Twenty-one-year-old Chicago waitress Althea MacMillan is celebrating getting her GED and thinking about little else when a mysterious figure accosts her in an alley and drugs her into unconsciousness. When she wakes, she’s in a strange room with her sarcastic abductor, who taunts her about the stupidity of “Awayfolk” like herself and laments his apparent assignment to escort her to a different world (a world without a name; she dubs it “the Thitherlands”) where her destiny awaits. She’s immediately attended by a towering, bat-winged gargoyle named Athelstan, and the three of them are soon transported to her “manse” in the Thitherlands, an immense and partially ruined wooden keep overseen by a solitary little brusque female goblin. At first, Althea is too stunned to do much more than attend to her basic needs, but after a time she begins to explore the grounds. She befriends an inquisitive crow who turns out to be a shape-shifter named Corvus; in his human form, he is “so beautiful that it almost hurt to look at him.” Readers know early on that Corvus may be hiding duplicitous motives, but Althea is far more concerned with coming to understand her place in her new world. On Earth, she’d bounced around between foster homes and the streets, but in the Thitherlands, she’s apparently an absolute monarch whose word is law. The shock of her new circumstances leaves her unbalanced, which makes her vulnerable to the scheming of a newcomer to the manse (“I mistook blood for family,” she bitterly confesses at one point). Since she can’t go home again, can she make this new world her home?

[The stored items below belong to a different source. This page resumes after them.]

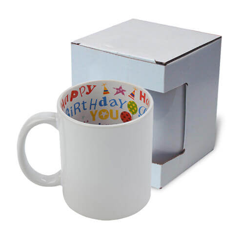 Tazza in ceramica con interno Happy Birthday, della classe A+ /vedi le differenze con altre classi di ceramica/ trattato con poliestere per renderlo adatto alla stampa a sublimazione. Possibilità di acquisto di un pezzo. Tazza con la scatola.
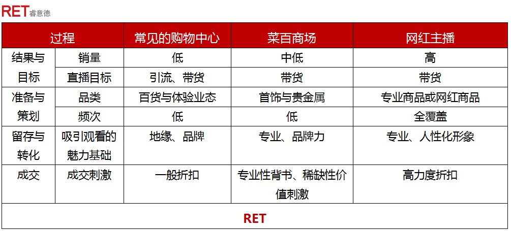 相比网红主播和菜百商场,购物中心在直播世界里,直接在出发点上就天然不足,购物中心作为资产运营方,完全不具备对商品的掌控力,以至于在选品上,既不能找到自身的优势领域寻求单点突破也不能直接从结果倒推,直接找到最具销量潜力的商品,最后囿于自身的商品供给范围。另一方面,在留存与转化环节中,购物中心由于不直接面向顾客,也导致了自身专业能力的不适配,相比菜百这样品牌力十足的专业交易商或者垂直领域的KOL,购物中心也在专业性上失去了话语权,导致留存效果不佳。最后困于自身的商业模式,在成交刺激的力度上往往取决于与商户的协商结果,自然也无法和专业百货、网红主播相比。
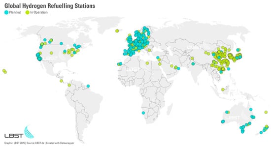 Map of hydrogen refueling stations around the world. Source: [52].

Black takes the standard fish-out-of-water plot structure of so many fantasy novels and invests it with far more day-to-day details than are usually provided, which is both a strength and a weakness of the novel. The benefit is that the author includes a vast number of relatable pragmatic considerations that confront Althea once she finds herself in her ancestral dwelling in the Thitherlands; readers stumble along with her as she gradually figures out how things work, from prosaic matters of dining and bathing to the broader functioning of her kingdom. The downside of Black’s approach is that the steady ladling out of these details effectively kills dramatic tension and opens the door to a large amount of tedium. The novel is already prone to this problem as it’s drastically overlong (this is, at most, a 400-page story rattling around through well over 700 pages of text)—some readers will doubtlessly finish this first volume hoping the second one is either slimmer or more thickly packed with incident. The author has a sharp ear for lively dialogue and fills many of the pages with characters griping with each other, snapping at each other, and quipping to each other. While the tangles of the actual plot machinations are introduced frustratingly late in the story, they do serve to quicken the book’s final hundred pages. Before this point, there’s a certain level of interest in discovering, alongside Althea, the ways of this odd fantasyland, where she has far deeper roots than she ever had back in Chicago. And it helps that Althea herself is endearingly human.
An intriguing but excessively protracted first installment in a fantasy series.